I'm using fopen() and fwrite() to write some JSON content to a file.

My question: Is there a way to filter the content and write only specific words to that file?

E.g.: I retrive "I #love #love #love you so #much my dear #brother!" from the JSON file and I would like to write only the word #love and only one time to the file?

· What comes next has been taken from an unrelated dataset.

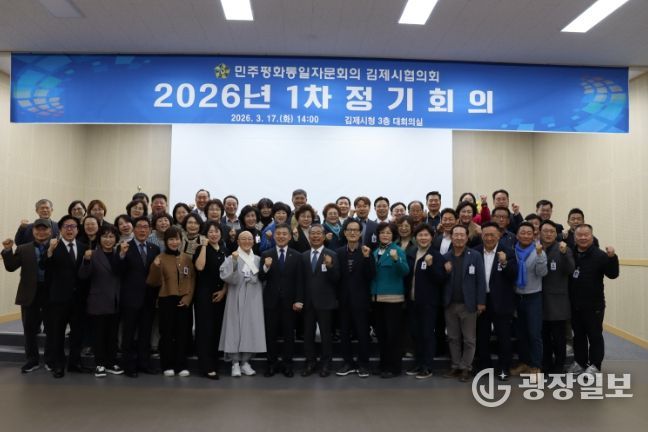 광장일보 주재영 기자 | 민주평화통일자문회의 김제시협의회는 3월 17일 오후 2시 김제시청 대회의실에서 정성주 시장, 자문위원 등 54명이 참석한 가운데 ‘한반도 평화공존을 위한 대내외 정책 추진방향’을 주제로 ‘2026년 1분기 정기회의’를 개최했다.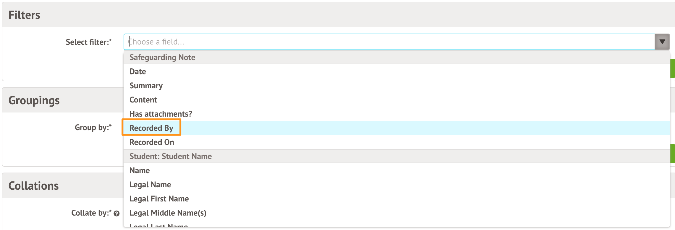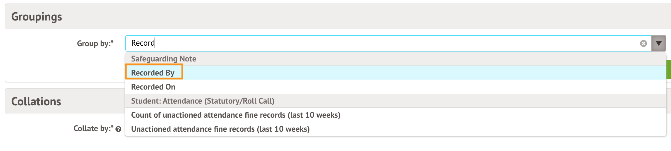 For example, if your report is a list of all safeguarding notes, but you want them to appear on separate pages depending on the Year Group(s) the student the note belongs to is in, you add a collation to do this.

Here is an example of what I get in $message:

<p>👒👿 #follow4follow #followme #follow #smile #happy #instalike #instadaily #instagood #life4like #like #likeback #fashion #fun #like4like #sweettooth #spring #gopro #love #tbt</p>

This is my starting point ($message writes the whole phrase to the file):

$myfile = fopen("custom/hashtag.php", "a");
fwrite($myfile, "<p>" . $message . "</p>" . " \n\r");

/////////////////////////////////////////////
//updated as @insertusernamehere suggested://
/////////////////////////////////////////////

$message = $comment['message']; //i get this from my json

$whitelist = array('#love');

// get only specific hashtag
preg_match_all('/' . implode('|', $whitelist) . '/', $message, $matches);

$unique_matches = array_unique($matches[0]);

$final = implode(' ', $unique_matches); 

$myfile = fopen("custom/hashtag.php", "a");

// to avoid empty results
if (!empty($unique_matches)) { 
   fwrite($myfile, "<p class=\"hidden\">" . $final . "</p>" . " \n\r");
}

Solution

  • You can solve it like this:

    $message = 'I #love #love #love you so #much!';
    

    Get all hashtags using a regular expression

    preg_match_all('/#(\\w+)/', $message, $matches);
    

    Get only specific hashtags

    This is failsafe for similar tags like #love and #loveYou.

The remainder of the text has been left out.